**Data for this task:**
- - - - - - -
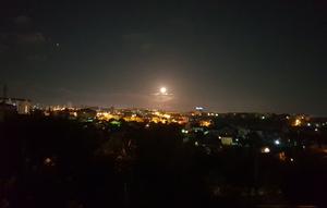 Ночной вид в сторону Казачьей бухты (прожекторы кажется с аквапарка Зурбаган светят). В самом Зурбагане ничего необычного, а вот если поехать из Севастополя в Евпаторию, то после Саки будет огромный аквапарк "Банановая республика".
- - - - - - -
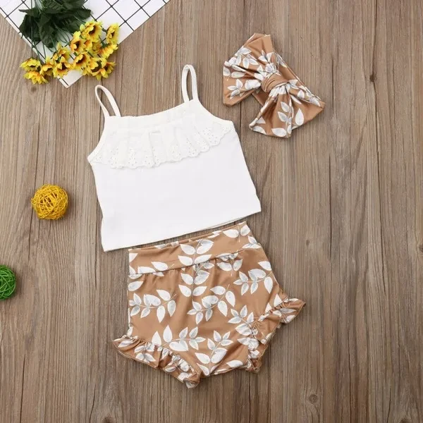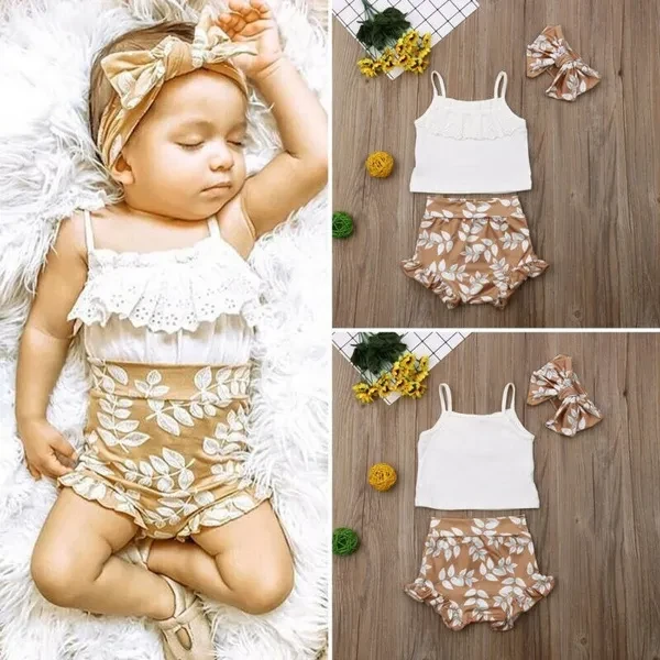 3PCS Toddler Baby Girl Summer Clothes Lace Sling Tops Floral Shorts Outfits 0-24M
- - - - - - -
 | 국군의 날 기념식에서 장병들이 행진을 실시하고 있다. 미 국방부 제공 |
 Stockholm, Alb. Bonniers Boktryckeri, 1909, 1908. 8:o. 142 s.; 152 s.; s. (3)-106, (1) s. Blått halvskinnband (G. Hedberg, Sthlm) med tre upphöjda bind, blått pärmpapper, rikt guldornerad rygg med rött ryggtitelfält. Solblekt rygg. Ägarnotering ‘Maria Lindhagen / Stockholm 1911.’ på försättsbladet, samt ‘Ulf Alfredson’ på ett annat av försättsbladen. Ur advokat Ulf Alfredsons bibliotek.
- - - - - - -
**Exercise goal:** From the entries above, write out only the lines starting at the line that holds "있다. 미 국방부 제공 |" and ending at the line that holds "Stockholm, Alb. Bonniers", keeping both and matching them exactly.

**Task answer:**
 | 국군의 날 기념식에서 장병들이 행진을 실시하고 있다. 미 국방부 제공 |
 Stockholm, Alb. Bonniers Boktryckeri, 1909, 1908. 8:o. 142 s.; 152 s.; s. (3)-106, (1) s. Blått halvskinnband (G. Hedberg, Sthlm) med tre upphöjda bind, blått pärmpapper, rikt guldornerad rygg med rött ryggtitelfält. Solblekt rygg. Ägarnotering ‘Maria Lindhagen / Stockholm 1911.’ på försättsbladet, samt ‘Ulf Alfredson’ på ett annat av försättsbladen. Ur advokat Ulf Alfredsons bibliotek.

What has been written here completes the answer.